To use Featuretools, we must encode the data types for each table and relationships among the tables. The tables and relationships are depicted here:

![featuretools.png](attachment:featuretools.png)

# Load and Sample Data

In [3]:
from quilt.data.avare import homecredit

In [4]:
frames = {}
size = 5000
factor = 2
rand=1


for key, val in homecredit._items():
    
    frames[key] = val().copy(deep=True)
    
    if ( key == 'previous_application' ):
        dropcols = ['RATE_INTEREST_PRIVILEGED','RATE_INTEREST_PRIMARY']
        frames[key].drop(dropcols, axis=1, inplace=True)
    
    frames[key].dropna(inplace=True)
    
    #print(len(frames[key]))

    if (key == 'application_train' ):
        frames[key] = frames[key].sample(n=size, random_state=rand)
    else: 
        frames[key] = frames[key].sample(n=size*factor, random_state=rand)

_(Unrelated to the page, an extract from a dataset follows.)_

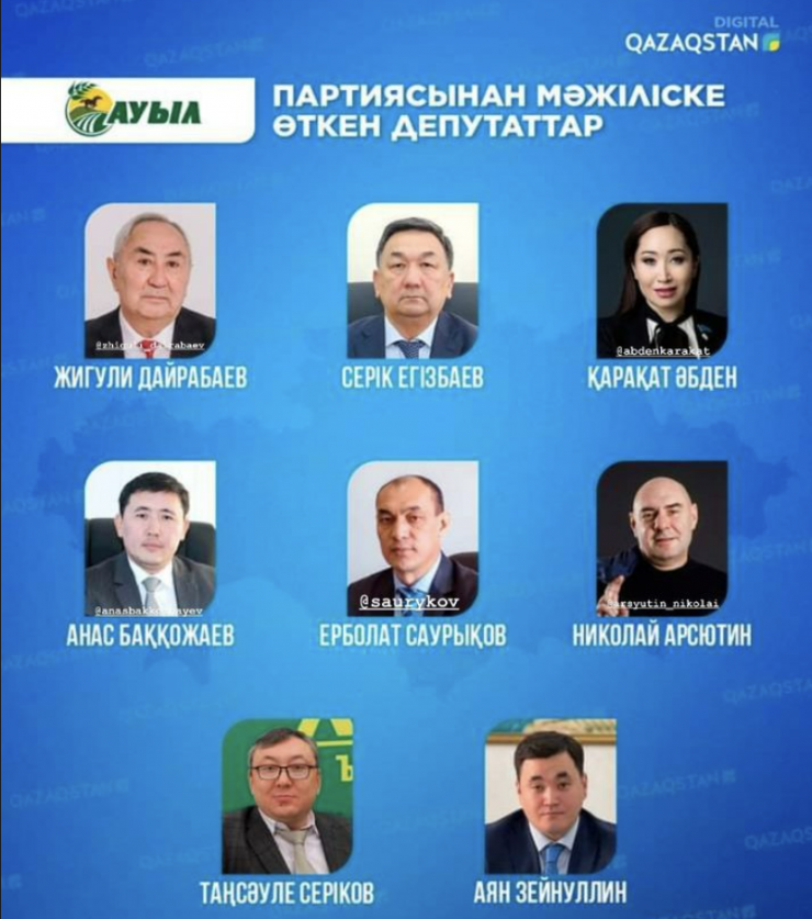 У народно-демократической патриотической партии "Ауыл" 8 депутатских мандатов.

    #print(len(frames[key]))
                           
popped = frames['application_train'].pop('TARGET')    

10000
5000
10000
10000
10000
10000
10000


# Overide Panda Inferred Data Types

Although types are inferred by Panda, we need to validate them, since the inferred ones may not be what you expect. We could avoid this problem by including the types as an argument in the read_csv, but - we did not use read_csv() with Quilt.

It turns out that some of the columns in the [Metadata file](data/HomeCredit_columns_description.txt) do not match, one-to-one, with the columns in the data files.

To handle the mismatch, we perform a bit of housekeeping.

In [5]:
# read metadata file , white space in the some colums ...bump...removed manually
description = pd.read_excel('data/HomeCredit_columns_description.xlsx', sheet_name='Sheet1',usecols=[2,3,4])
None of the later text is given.